--- PROBLEM STATEMENT ---
Transcribe all of the data exactly. Omit the pictures.

--- PROVIDED MATERIAL ---
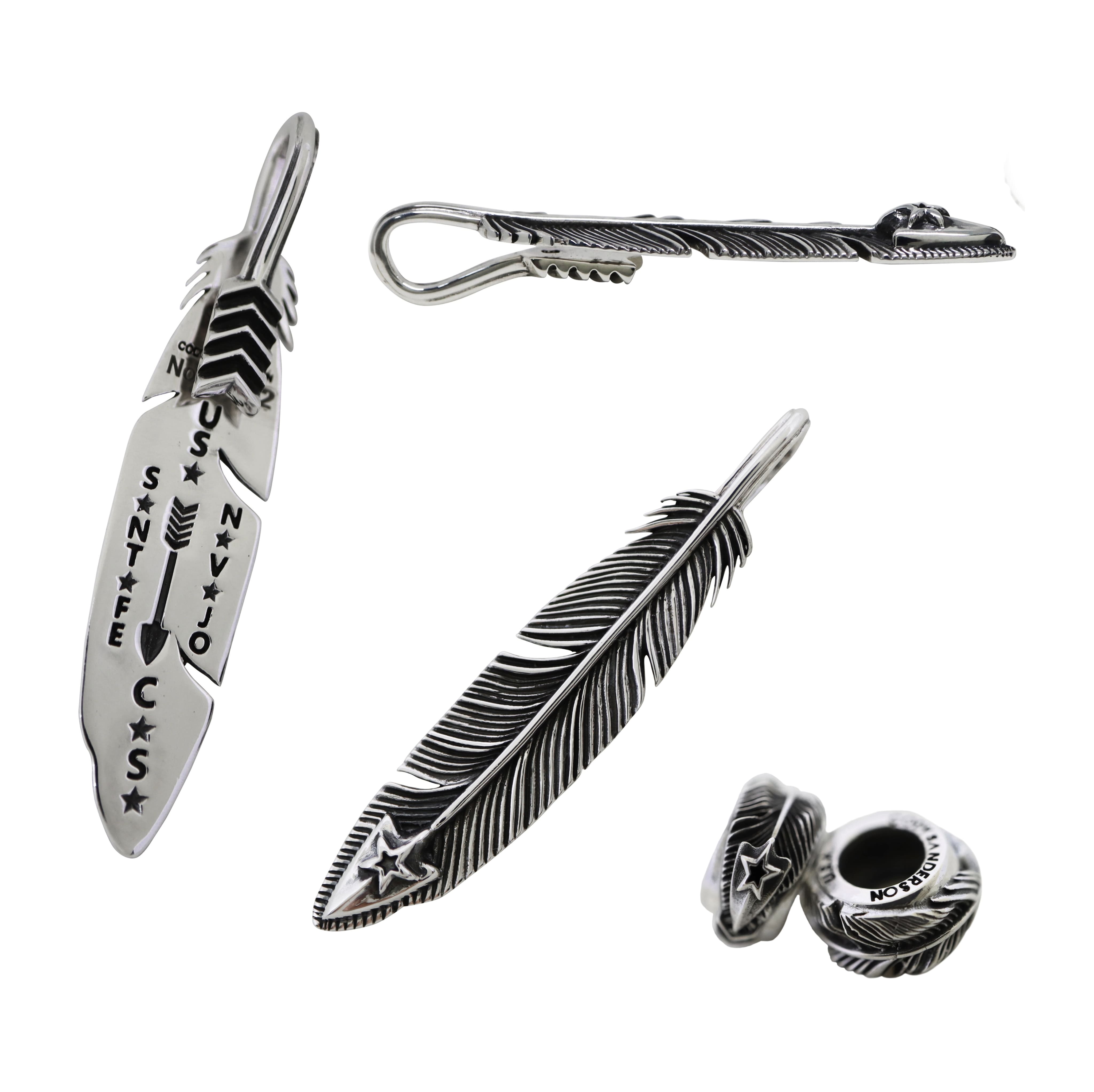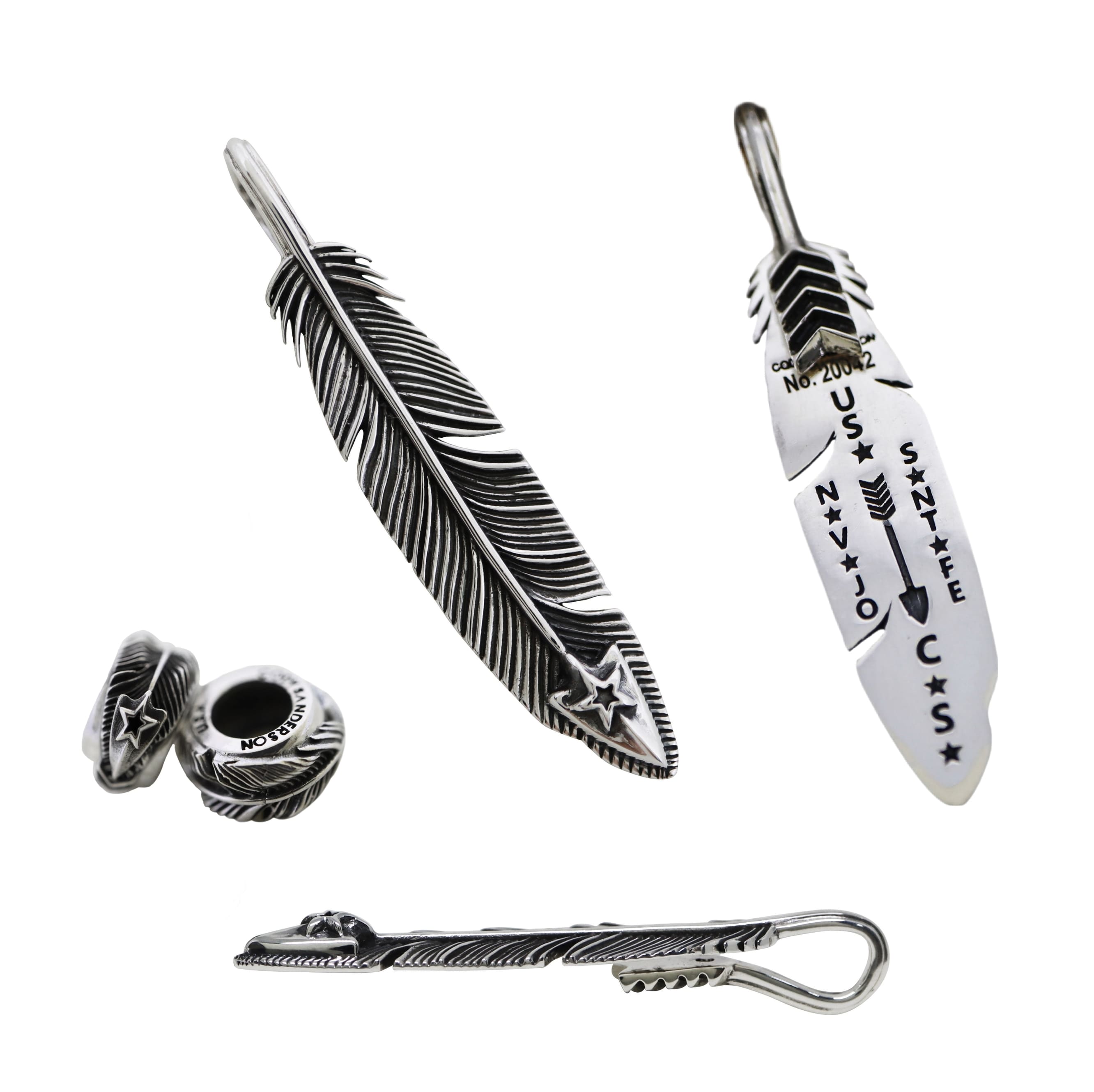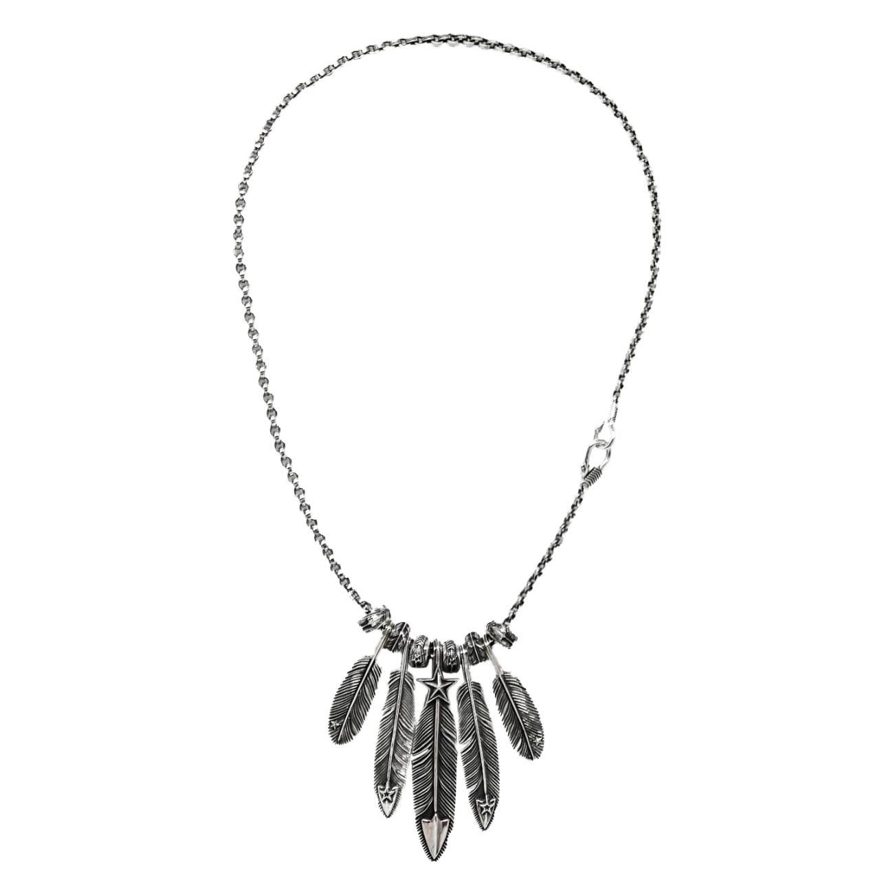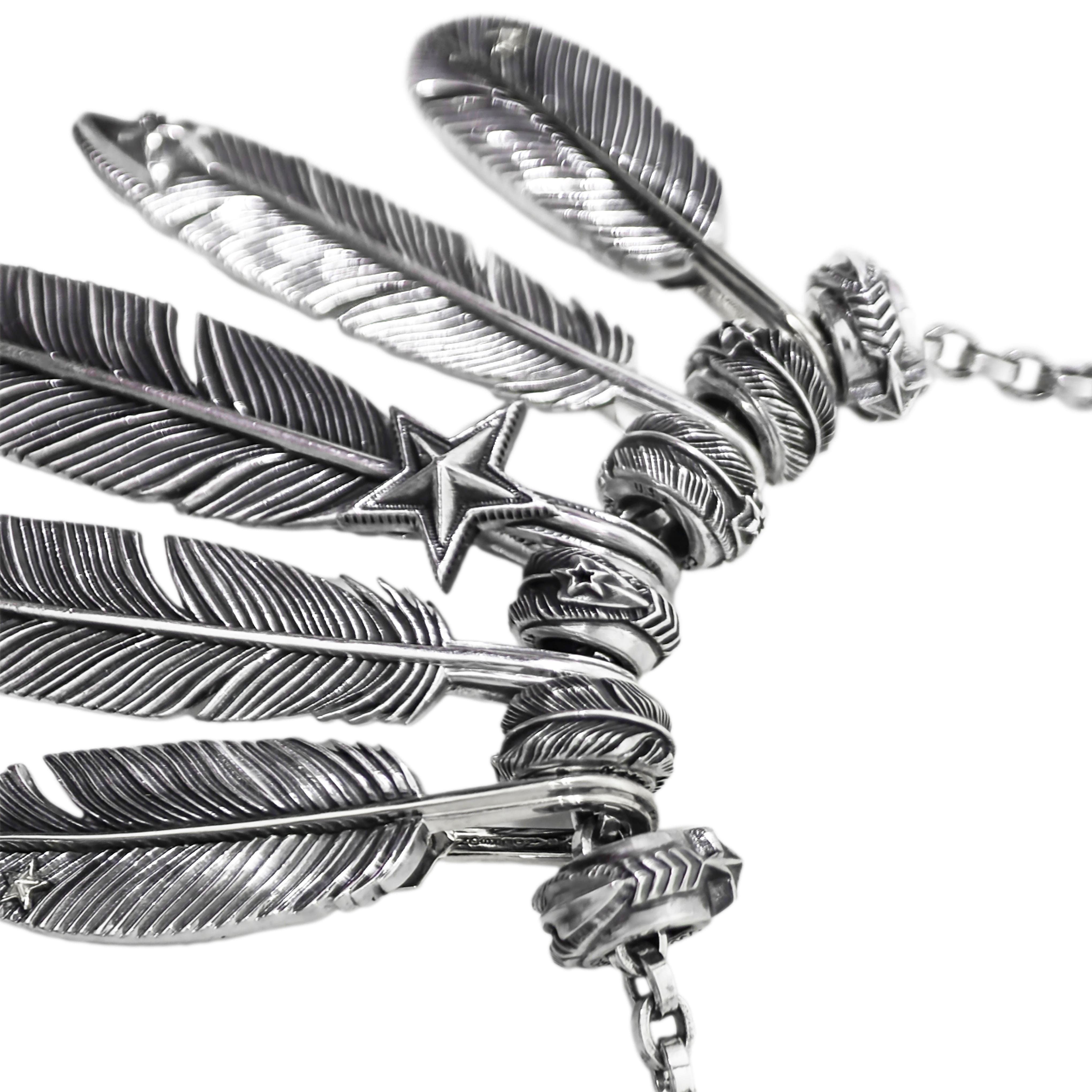 5 in 1 CS NAVAJO SHERIFF STAR ARROW FEATHER NECKLACE WITH 6 FEATHER BEADS
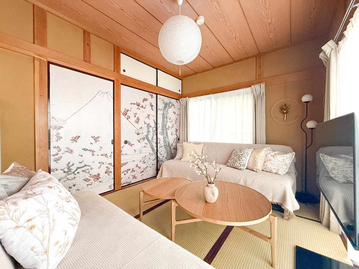 "SUMIRE AOI HOUSE" is a small Japanese house. The basic structure of the house was designed in 1952 by Makoto Masuzawa, a leading architect in Japan. And the house was redesigned by Makoto Koizumi in 1999. I had lived 20 years with my family. The sense of space by the south-facing large windows and the stairwell, it will make you attracted. The area has some parks and fields, and it's leisurely. I can introduce nearby shops. Please spend your time like traveling daily life.
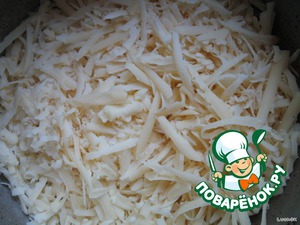 Пока тесто поднимается, потереть любой сыр твердых сортов на крупной терке. -
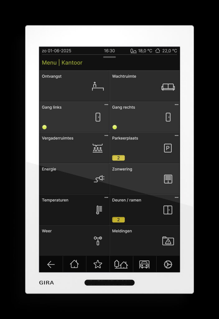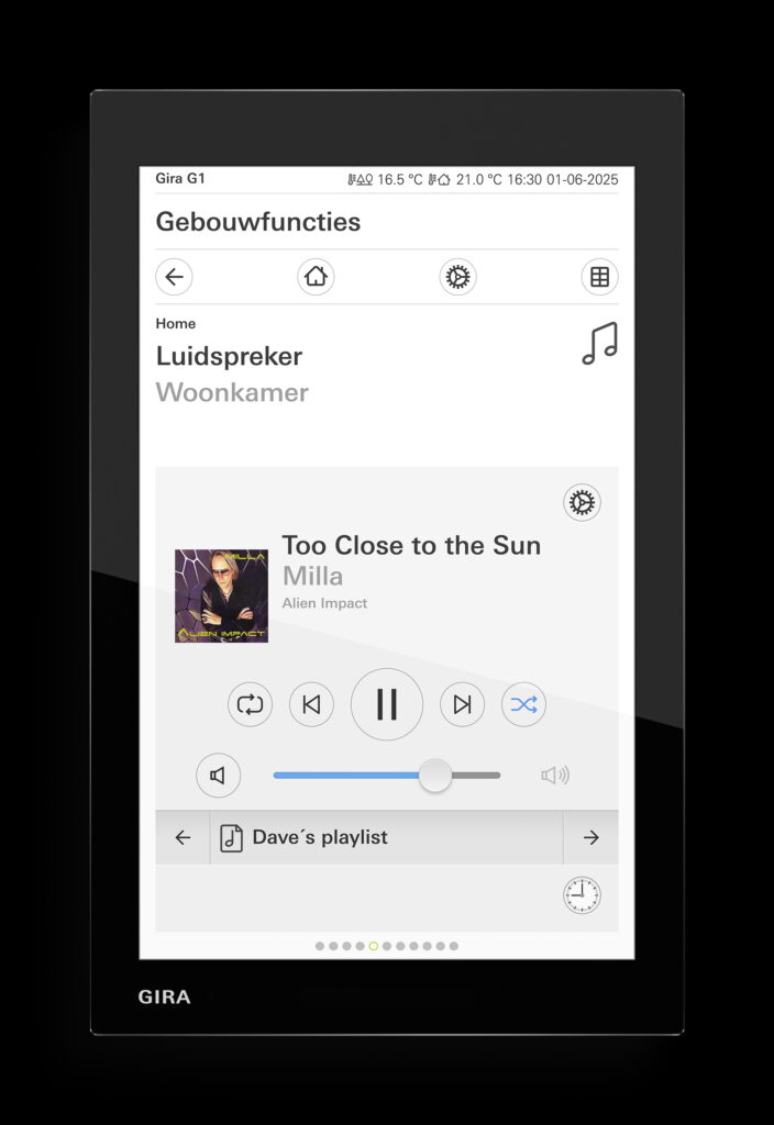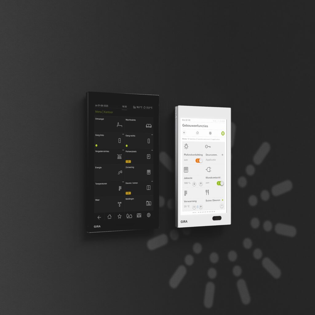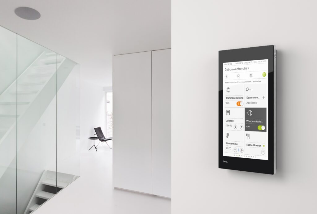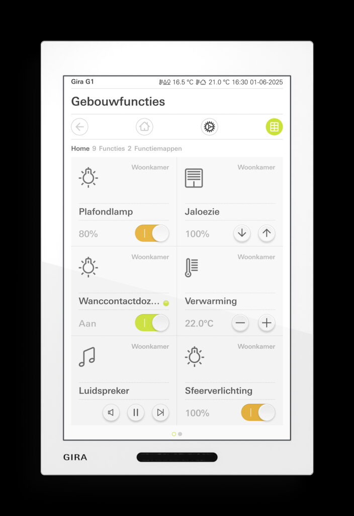 De nieuwe Gira G1 2e generatie is de slimme alles-in-één bediening voor elke woning. Via het heldere touchdisplay worden verlichting, zonwering, verwarming, muziek en deurcommunicatie eenvoudig geregeld.

--- TASK ANSWER ---
 5 in 1 CS NAVAJO SHERIFF STAR ARROW FEATHER NECKLACE WITH 6 FEATHER BEADS
 "SUMIRE AOI HOUSE" is a small Japanese house. The basic structure of the house was designed in 1952 by Makoto Masuzawa, a leading architect in Japan. And the house was redesigned by Makoto Koizumi in 1999. I had lived 20 years with my family. The sense of space by the south-facing large windows and the stairwell, it will make you attracted. The area has some parks and fields, and it's leisurely. I can introduce nearby shops. Please spend your time like traveling daily life.
 Пока тесто поднимается, потереть любой сыр твердых сортов на крупной терке. -
 De nieuwe Gira G1 2e generatie is de slimme alles-in-één bediening voor elke woning. Via het heldere touchdisplay worden verlichting, zonwering, verwarming, muziek en deurcommunicatie eenvoudig geregeld.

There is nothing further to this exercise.